One explanation I have come up with is say we attempted to define the derivative at b. In that case the left-hand and right-hand limit (the difference quotient which defines the derivative) must coincide. Points to the left of b certainly belong to the domain, however points the right of b do not belong to the domain. Therefore we can not really say anything about them. Since we cannot examine any right-hand limit, the notion of a derivative is not sensible at the boundary point.
However I am not sure the explanation entirely suffices; I am curious as to what other reasons there are to impose existence of derivatives only on interior points.
 A: It's just so that differentiability at a point is conserved in case you decide to expand the domain of your function. 
In general, for a function $f:A\rightarrow{}B$, where the domain $A$ is a subset of some topological space $X$ and $B$ is a subset of some other topological space $Y$, a limit can exist for any limit point of the domain $A$. The definition being that some $L\in{}Y$ is the limit as $x$ approaches $x_0$ of $f(x)$, i.e.
$$ \lim_{x\rightarrow{}x_0}f(x)=L, $$
if and only if for all neighborhoods $V$ of $L$ there exists a neighborhood $U$ of $x_0$ such that $f(U\cap{}A-\{x_0\})\subseteq{}V\cap{}B$. Notice that the limit would converge everywhere if $x_0$ was not a limit point of the domain $A$ (and also, irrelevant to this answer but also interesting, $L$ has to be in the closure of $B$).

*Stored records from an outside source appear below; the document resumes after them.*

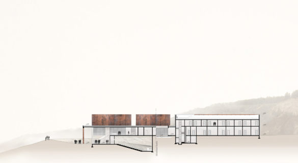 Założeniem projektowym było stworzenie obiektu, który dopełniałby krajobraz Chęcin i okolic w sposób pozwalający na rozpoznanie granic działalności człowieka oraz udowodniał, że działalność ta może współistnieć z otoczeniem w sposób harmonijny. W projekcie zdecydowano się na zastosowanie prostych geometrycznych brył, skomponowanych w sposób logiczny, nie udających natury nie pozostawiających wątpliwości, że ich stwórcą jest człowiek przy jednoczesnym świadomym operowaniu skalą i kompozycją w sposób uniemożliwiający budynkom zdominowanie miejsca. Podstawowy materiał wykończeniowy – skorodowana stal, jest dowodem działalności człowieka jednak w żaden sposób nie odnosi się do jej czasu nadając budynkom racje bytu w miejscu gdzie stulecia mają przecież stosunkowo małe znaczenie.
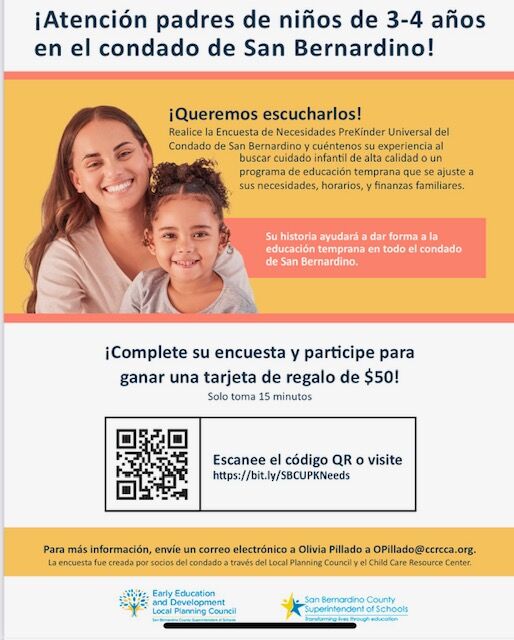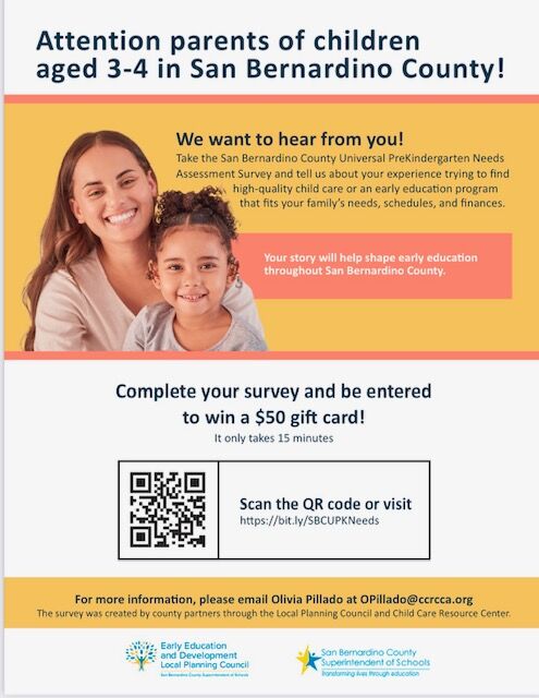 Are you a parent currently living in San Bernardino County with a 3- or 4-year-old child? We want to hear from you! Complete a 15-minute survey today and share your experiences trying to find high-quality child care and/or preschool that fits your family’s needs, schedule, and finances. Responses from this important survey will help shape early education and school readiness programs across our County. That means your stories will influence early care and education for the better! Bonus: All participants will be entered in a drawing to win a $50 gift card, and the survey will close on Friday, January 31st. Click here or visit https://bit.ly/SBCUPKNeeds to participate!
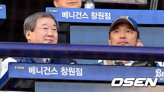 2일 오후 창원 마산구장에서 열린 '2013 한국야쿠르트 세븐 프로야구' NC 다이노스와 롯데 자이언츠의 경기 시작 전, 구본능 총재와 김택진 NC 구단주가 관중석에 앉아 있다.

So again, limits for a function only make sense for limit points of the function's domain. Then a function
$$F(x)=\frac{f(x)-f(x_0)}{x-x_0},$$
defined in terms of the function $f$ above, would have a limit as $x$ approaches $x_0$ if $x_0$ was a limit point of $A-\{x_0\}$, the domain of $F$. This means that, as far as limits are concerned, the derivative could exist for any limit point of $A-\{x_0\}$.
But what changes when we restrict the limit points of $A-\{x_0\}$ to the points in the interior of $A$? Formally, the definition of
$$ \lim_{x\rightarrow{}x_0}F(x)=M $$
is that for all neighborhoods $V$ of $M$ there exists a neighborhood $U$ of $x_0$ such that $F(U\cap{}(A-\{x_0\})-\{x_0\})=F(U\cap{}A-\{x_0\})\subseteq{}V\cap{}Im(F)$. 
But by making $x_0$ a point in the interior of $A$ we are requiring that there exists a neighborhood $W$ of $x_0$ such that $W\subseteq{}A$. And since $W\cap{}U$ is also a neighborhood of $x_0$ and $(W\cap{}U)\cap{}A=W\cap{}U$, expanding $A$, the domain of $f$, does not change whether the limit exists or not, which makes differentiability at a point immune to expansions of the domain of the original function.